患者。我们选择了9名年龄在19至35岁之间、对草或杂草花粉敏感且患有过敏性鼻结膜炎的特应性患者。其中有6名女性和3名男性(平均年龄31.2岁)。特应性过敏通过临床病史、皮肤点刺试验以及体外试验(血清过敏原特异性IgE抗体阳性,放射性变应原吸附试验/RAST)得以证实[11]。作为对照,我们随机选择了8名献血者(6名女性、2名男性,平均年龄31.3岁)。研究设计。该研究于1995年8月至9月进行。所选患者此前均未完成过敏原特异性免疫治疗,也未接受过皮质类固醇药物(局部或全身用药)治疗[12-15]。所选人员在研究前至少10天不允许服用抗组胺药、β-2激动剂或三环类抗抑郁药。我们进行了体外试验以测定IL-4、总血清IgE和花粉特异性血清IgE的浓度。血清于早晨采集,并在-20℃下冷冻保存直至分析。血清中IL-4、总IgE和过敏原特异性IgE的测定。使用ELISA试剂盒(Intertest-4 ELISA,Genzyme,剑桥)按照制造商的说明以盲法进行白细胞介素-4的测量。通过绘制几种标准稀释液的IL-4浓度与吸光度的关系获得参考曲线。测定下限为0.045 pg/ml。为了测定总血清IgE,我们使用了市售的酶免疫测定法(EIA Phadezym IgE PRIST,Pharmacia,乌普萨拉)。正常值高达120 IU/L(每毫升国际单位)。过敏原特异性IgE通过半定量EIA方法(RAST Phadezym,Pharmacia,乌普萨拉)测定,并根据制造商绘制的标准曲线以Phadebas RAST单位(PRU)表示。本研究在获得我院伦理委员会批准并取得患者同意后进行。对于统计分析,我们使用了非参数检验(U检验和Spearman等级相关性检验)。对于所有比较,如果p < 0.05,则认为具有统计学意义。

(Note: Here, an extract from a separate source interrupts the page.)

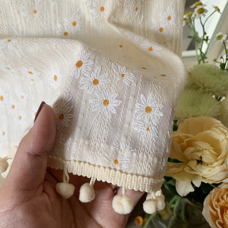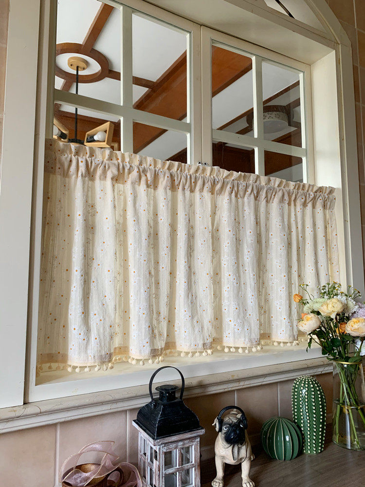 Korean Pastoral French Daisy Floral Cotton and Linen Curtain Fabric, Light-Transmitting but Not See-Through, No-Punch Magic Tape Short Curtain, Ginger Tea
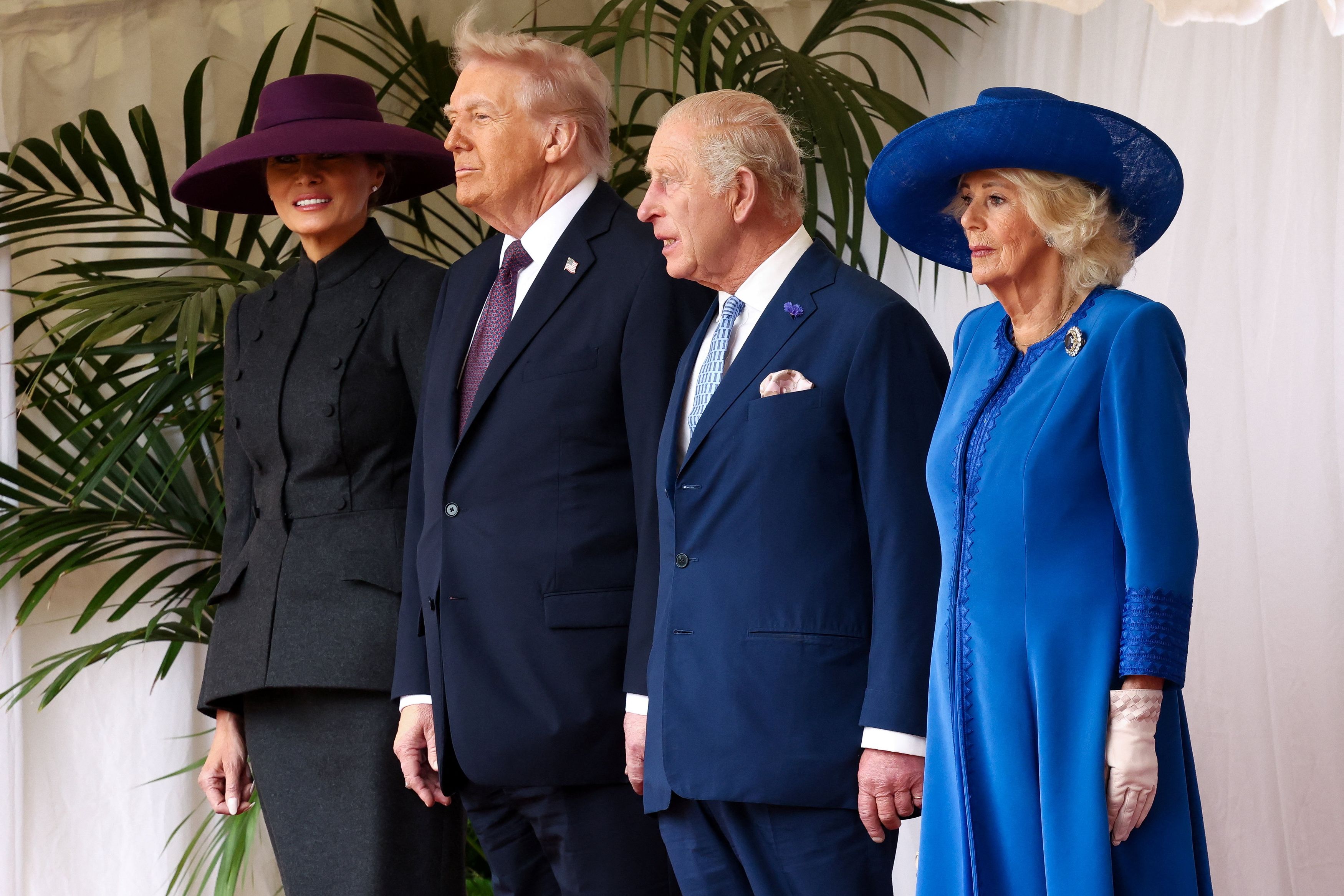 Ο βασιλιάς Κάρολος Γ’ και η βασίλισσα Καμίλα υποδέχτηκαν επίσημα το προεδρικό ζεύγος των ΗΠΑ, ενή η Μελάνια Τραμπ έκανε μια δεύτερη εμφάνιση με δραματικό καπέλο, με μεγάλο γείσο που έκρυβε ξανά τα μάτια της, παρόμοιο με αυτό που είχε φορέσει στην ορκομωσία του συζύγου της για τη δεύτερη θητεία του.

在所选患者中,4人针对草花粉的血清IgE抗体浓度较高(RAST 4级),2人对杂草花粉具有IgE特异性(RAST,4级),2名患者同时对杂草和草花粉具有IgE抗体(RAST 4级)。一人血清中记录到RAST 3级。表1显示了记录的血清总IgE、过敏原特异性IgE和IL-4。特应性个体的血清IL-4显著更高(U检验,SR 43.53,p.05),总IgE也是如此(ER 493,p.05)。在特应性个体中,IL-4与总IgE或过敏原特异性IgE均无相关性(IL-4与总IgE相比,p = +0.190;
(注:原文中“SR 43.53”“ER 493”表述似乎不太准确,可能是记录有误,但按要求未作修改。)